## Aim of the task
In the entries below, find the line with "аминокислотный скор i-аминокислоты, %" and print exactly every line from there up to and including the line with "In a well-lit", with no other lines.

*** Data Section Begins ***

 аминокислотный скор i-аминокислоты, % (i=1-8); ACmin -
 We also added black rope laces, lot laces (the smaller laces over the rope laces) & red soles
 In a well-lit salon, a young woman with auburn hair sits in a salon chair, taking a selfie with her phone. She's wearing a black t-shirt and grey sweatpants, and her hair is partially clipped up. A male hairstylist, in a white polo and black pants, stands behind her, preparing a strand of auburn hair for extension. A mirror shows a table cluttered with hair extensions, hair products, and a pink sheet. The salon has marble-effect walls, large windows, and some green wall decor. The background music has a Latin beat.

*** Data Section Ends ***
*** Data Section Begins ***

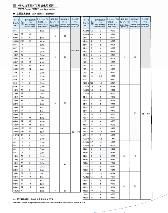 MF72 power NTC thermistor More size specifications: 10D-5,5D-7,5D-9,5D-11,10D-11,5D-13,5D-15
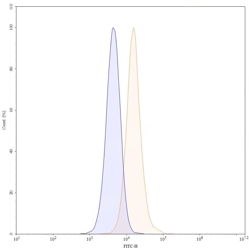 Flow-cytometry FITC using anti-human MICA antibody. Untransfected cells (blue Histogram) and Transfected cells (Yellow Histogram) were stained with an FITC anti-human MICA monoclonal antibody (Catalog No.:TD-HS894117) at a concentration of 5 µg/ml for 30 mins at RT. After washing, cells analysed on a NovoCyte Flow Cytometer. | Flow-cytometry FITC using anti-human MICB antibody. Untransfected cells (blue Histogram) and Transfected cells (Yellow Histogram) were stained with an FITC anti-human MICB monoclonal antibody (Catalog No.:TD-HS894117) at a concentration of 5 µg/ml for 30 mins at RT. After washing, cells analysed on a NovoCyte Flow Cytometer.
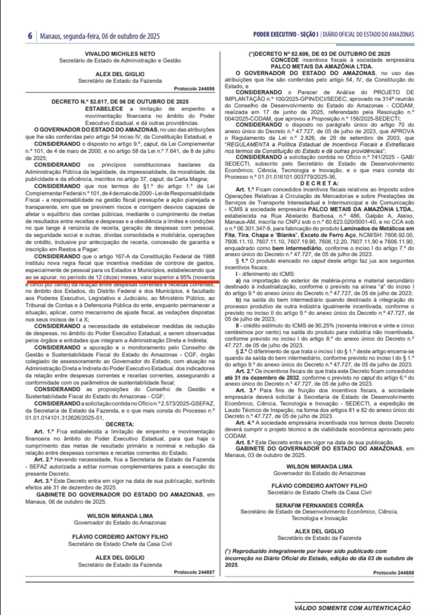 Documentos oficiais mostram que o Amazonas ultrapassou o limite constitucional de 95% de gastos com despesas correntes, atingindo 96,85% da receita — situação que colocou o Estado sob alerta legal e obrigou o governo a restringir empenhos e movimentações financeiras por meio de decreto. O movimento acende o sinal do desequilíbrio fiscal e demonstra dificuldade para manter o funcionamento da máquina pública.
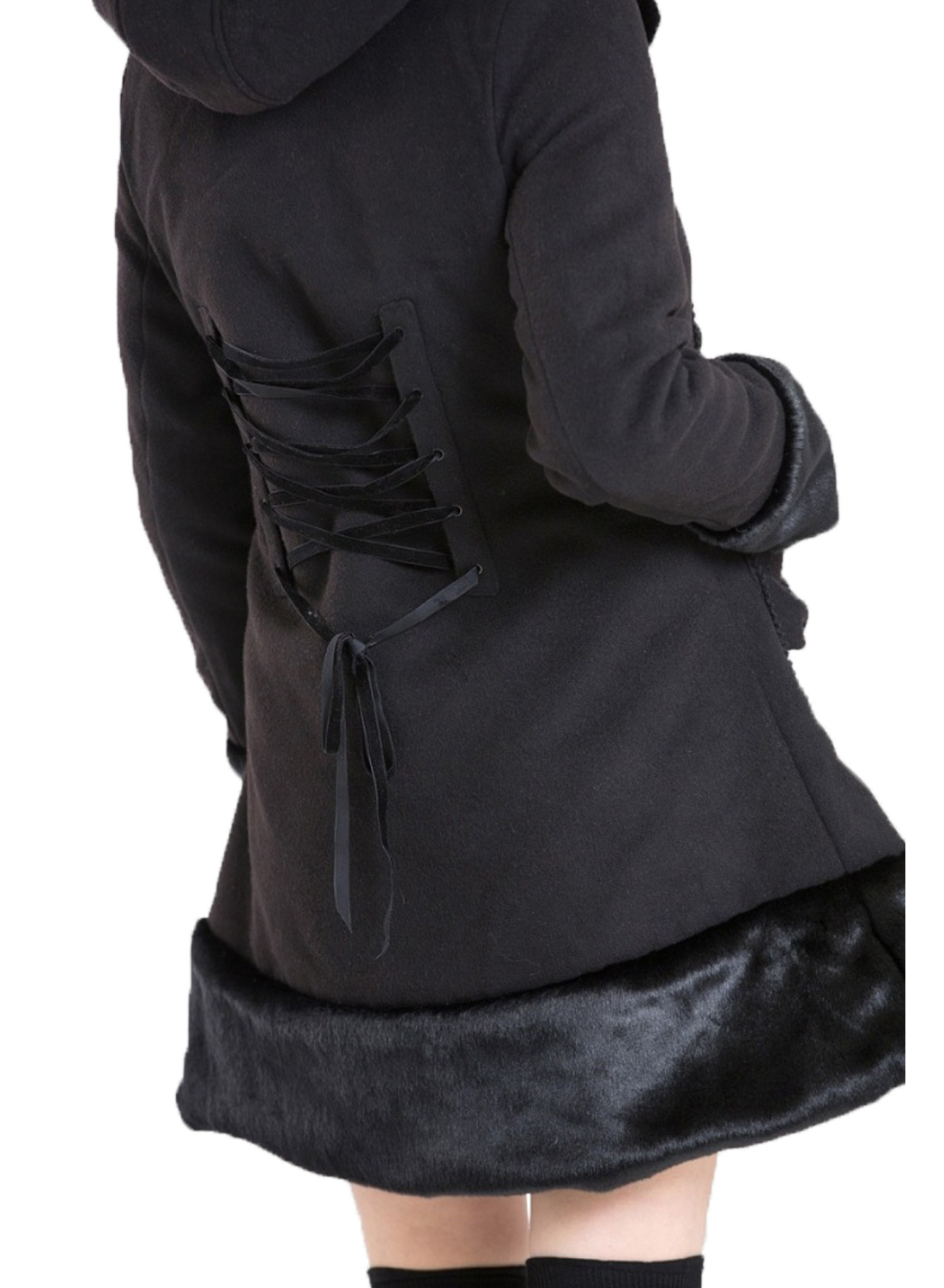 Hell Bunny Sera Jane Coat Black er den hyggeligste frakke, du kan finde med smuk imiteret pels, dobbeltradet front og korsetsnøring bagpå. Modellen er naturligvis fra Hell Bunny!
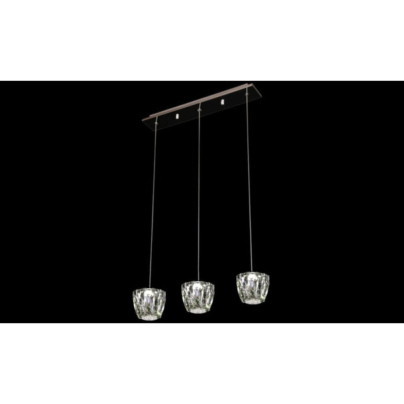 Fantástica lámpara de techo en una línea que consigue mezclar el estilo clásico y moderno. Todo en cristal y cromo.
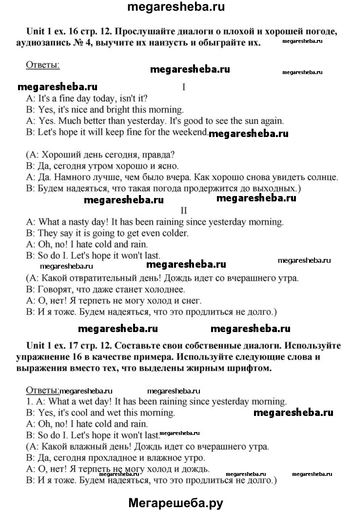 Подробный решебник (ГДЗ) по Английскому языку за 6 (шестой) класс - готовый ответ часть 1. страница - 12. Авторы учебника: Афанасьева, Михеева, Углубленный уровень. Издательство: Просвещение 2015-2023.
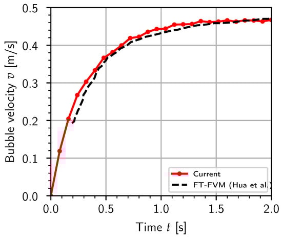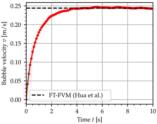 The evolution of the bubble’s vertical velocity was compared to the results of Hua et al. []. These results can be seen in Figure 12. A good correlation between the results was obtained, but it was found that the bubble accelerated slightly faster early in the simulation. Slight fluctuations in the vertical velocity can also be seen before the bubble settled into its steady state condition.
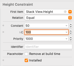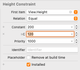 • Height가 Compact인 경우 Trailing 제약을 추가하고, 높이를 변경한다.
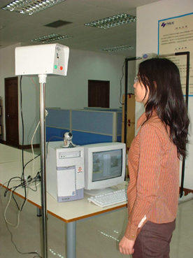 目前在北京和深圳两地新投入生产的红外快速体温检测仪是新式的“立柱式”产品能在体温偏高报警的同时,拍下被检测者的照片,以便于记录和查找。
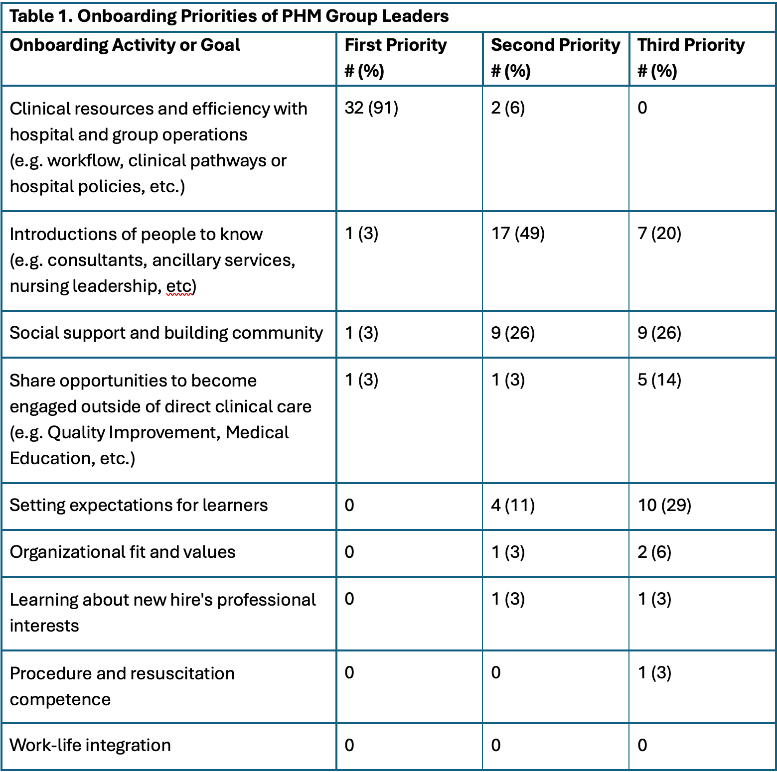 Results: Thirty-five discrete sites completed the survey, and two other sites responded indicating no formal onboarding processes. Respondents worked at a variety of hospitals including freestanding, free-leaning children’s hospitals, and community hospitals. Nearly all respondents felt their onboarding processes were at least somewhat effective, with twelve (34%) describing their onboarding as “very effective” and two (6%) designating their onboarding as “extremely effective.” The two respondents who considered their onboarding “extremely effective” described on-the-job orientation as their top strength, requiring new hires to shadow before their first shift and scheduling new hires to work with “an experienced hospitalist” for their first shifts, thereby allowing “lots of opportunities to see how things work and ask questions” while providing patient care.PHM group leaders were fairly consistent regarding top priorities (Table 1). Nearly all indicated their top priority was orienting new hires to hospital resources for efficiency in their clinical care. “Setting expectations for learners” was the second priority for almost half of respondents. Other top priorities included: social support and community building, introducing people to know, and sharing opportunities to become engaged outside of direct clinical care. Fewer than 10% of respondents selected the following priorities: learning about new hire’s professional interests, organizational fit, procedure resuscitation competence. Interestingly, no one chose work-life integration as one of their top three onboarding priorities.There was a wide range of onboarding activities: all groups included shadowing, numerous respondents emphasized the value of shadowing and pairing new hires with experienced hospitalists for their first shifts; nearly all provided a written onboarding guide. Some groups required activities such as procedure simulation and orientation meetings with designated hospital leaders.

*** Data Section Ends ***
*** Data Section Begins ***

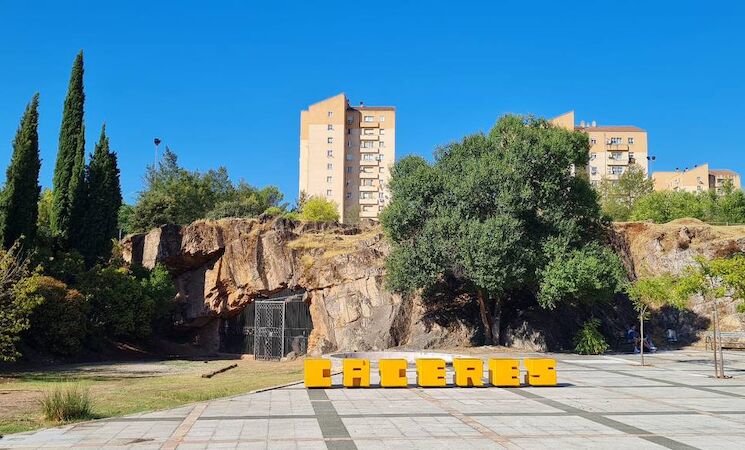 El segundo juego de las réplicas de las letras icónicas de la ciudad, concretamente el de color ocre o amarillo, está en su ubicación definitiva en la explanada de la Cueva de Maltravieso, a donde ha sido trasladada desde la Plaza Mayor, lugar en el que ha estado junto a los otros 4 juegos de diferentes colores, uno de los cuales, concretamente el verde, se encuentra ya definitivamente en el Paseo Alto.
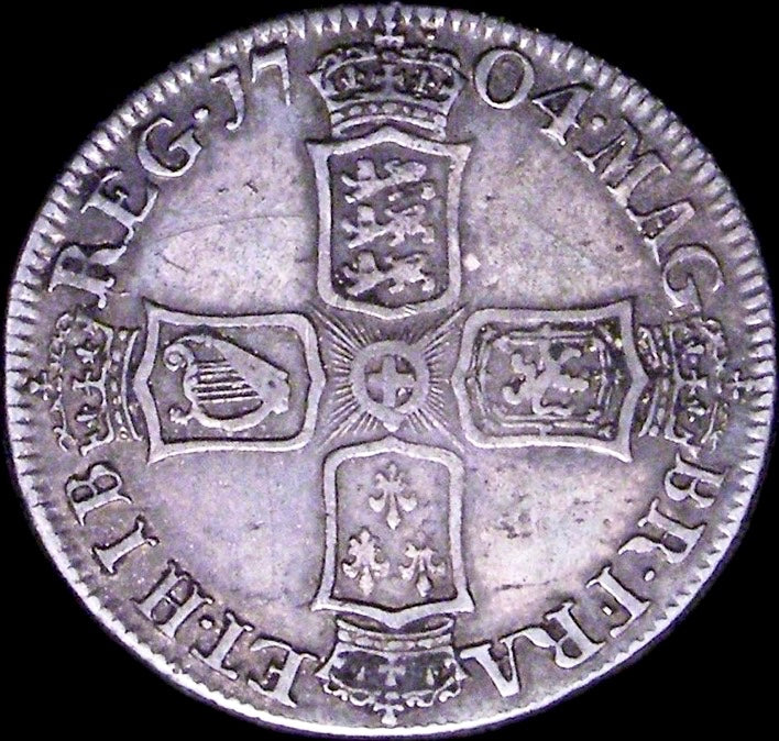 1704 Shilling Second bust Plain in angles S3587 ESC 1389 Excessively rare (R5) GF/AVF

*** Data Section Ends ***

## Exercise solution
 аминокислотный скор i-аминокислоты, % (i=1-8); ACmin -
 We also added black rope laces, lot laces (the smaller laces over the rope laces) & red soles
 In a well-lit salon, a young woman with auburn hair sits in a salon chair, taking a selfie with her phone. She's wearing a black t-shirt and grey sweatpants, and her hair is partially clipped up. A male hairstylist, in a white polo and black pants, stands behind her, preparing a strand of auburn hair for extension. A mirror shows a table cluttered with hair extensions, hair products, and a pink sheet. The salon has marble-effect walls, large windows, and some green wall decor. The background music has a Latin beat.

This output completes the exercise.